Ainda assim, o técnico de impressão digital e designer-gráfico Simão Gonçalves insiste na necessidade de o Governo olhar para o negócio com ‘bons olhos’, facilitando as divisas para a importação das matérias-primas. “Se houver esta facilidade de importação, o resto a gente dá sequência”, afirma Simão Gonçalves, concluindo que “as nossas gráficas são de pequena dimensão”, mas desenvolvem “trabalhos de grande dimensão” e que “pequenas empresas alavancam grandes economias”.

Lonas, vinil, autocolantes, tinteiros, camisolas e papéis de vários tipos e dimensão são as principais matérias-primas utilizadas pelas gráficas. Os preços dos produtos finais são praticados em função da qualidade, quantidade e dimensão de cada artigo.

Por exemplo, o preço de impressão de um metro quadrado de uma lona varia entre os 2.500 kwanzas e os seis mil kwanzas. Um vinil, de também um metro quadrado, custa entre três mil e 7.500 kwanzas. Já na impressão de produtos em papel, os preços rondam entre 200 e mil kwanzas, tendo sempre em conta o tipo e tamanho do produto.

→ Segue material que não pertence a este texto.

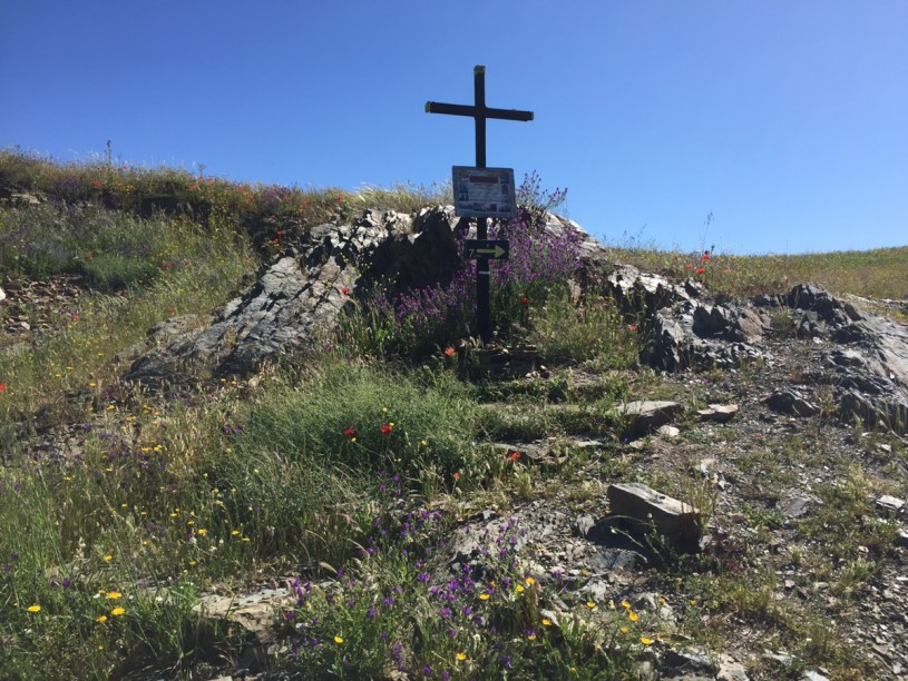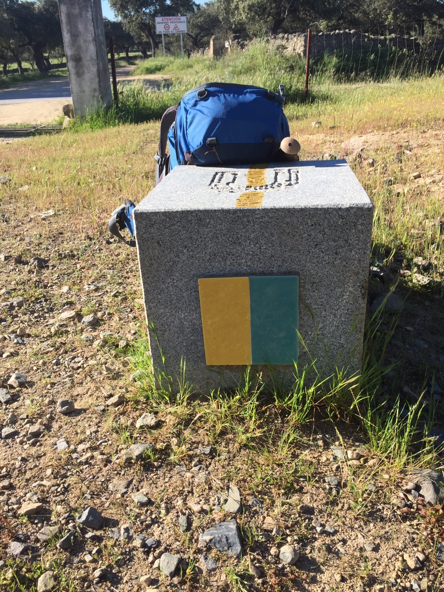 Regelmatig zie ik een muurtje langs de kant staan met daarop twee kleuren tekens. Een geel en een blauw/groen. Dat zijn twee camino´s, de gele is de Camino de Santiago en de ander de Camino Romano die over oude Romijnse wegen gaat. Maar hier loop je ze dus samen. Deze wegen zijn meer dan 2000 jaar oud. Stel je dat eens voor hoe dat is ontstaan. Ik zie het voor mij dat het legioen hier over de net door slaven aangelegde weg marcheerden om nieuwe gebieden te veroveren.

A facturação destas pequenas empresas ronda entre os 200 e os 300 mil kwanzas/mês, tendo um custo operacional trimestral à volta de 200 mil kwanzas. Em investimentos, uma máquina de imprimir lonas e vinil custa entre 3,5 milhões e 10 milhões de kwanzas. Chineses e vietnamitas são acusados pelos empreendedores nacionais de inundar o mercado com produtos de pouca qualidade e preços baixos, provocando uma “concorrência desleal”.

João Ilídio, proprietário de uma gráfica nos arredores do Golfe 2, está convencido de que o material usado por chineses é reciclado e de baixo custo. Além do seu estabelecimento, na área, existem mais três gráficas, todas de proprietários chineses.

“Realmente, é uma grande concorrência, mas acho que não é justo. Porque eu trabalho com matérias originais, tinteiros e máquinas sofisticadas, já os tinteiros que os chineses usam é reciclado e têm pouca duração”, acusa João Ilídio. “Estou a perder, porque os clientes preferem os chineses por causa dos baixos preços, mas o meu produto tem muito mais qualidade.” Ao VALOR, chineses e vietnamitas recusam-se a comentar o assunto.